Your goal: Please transcribe exactly, and only, the lines of the data below between the line holding "Like me, Old" and the line holding "为响应学校与政府的号召,提高", inclusive.

Data provided:
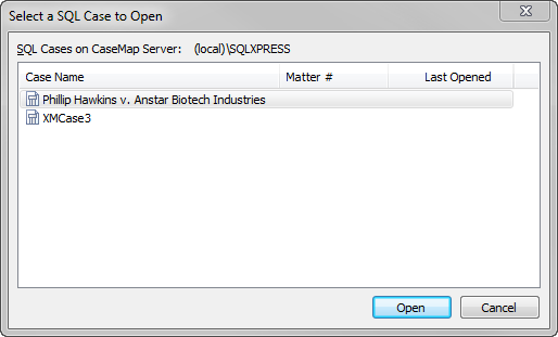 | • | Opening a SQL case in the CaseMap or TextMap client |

...

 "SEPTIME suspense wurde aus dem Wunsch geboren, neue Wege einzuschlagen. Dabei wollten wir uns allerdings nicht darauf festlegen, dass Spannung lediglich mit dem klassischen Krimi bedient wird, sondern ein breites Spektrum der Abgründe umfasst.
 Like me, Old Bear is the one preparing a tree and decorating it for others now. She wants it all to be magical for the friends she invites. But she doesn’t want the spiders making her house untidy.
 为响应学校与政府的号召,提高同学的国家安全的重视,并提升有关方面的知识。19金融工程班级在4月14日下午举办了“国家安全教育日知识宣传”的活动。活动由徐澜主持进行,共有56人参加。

* * *

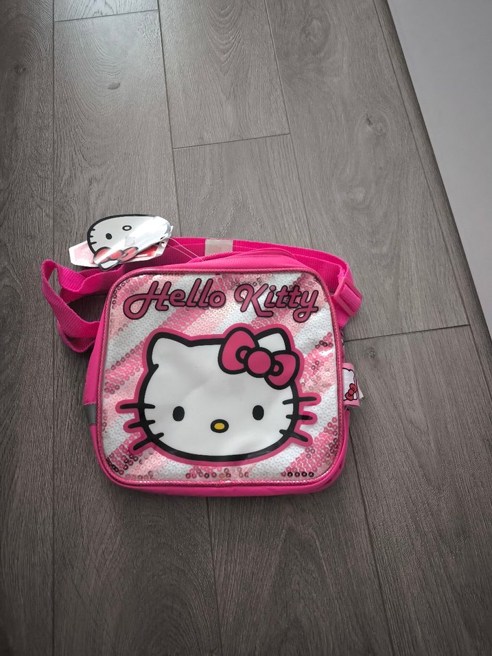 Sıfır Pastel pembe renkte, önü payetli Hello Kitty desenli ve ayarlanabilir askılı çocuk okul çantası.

Written solution:
 Like me, Old Bear is the one preparing a tree and decorating it for others now. She wants it all to be magical for the friends she invites. But she doesn’t want the spiders making her house untidy.
 为响应学校与政府的号召,提高同学的国家安全的重视,并提升有关方面的知识。19金融工程班级在4月14日下午举办了“国家安全教育日知识宣传”的活动。活动由徐澜主持进行,共有56人参加。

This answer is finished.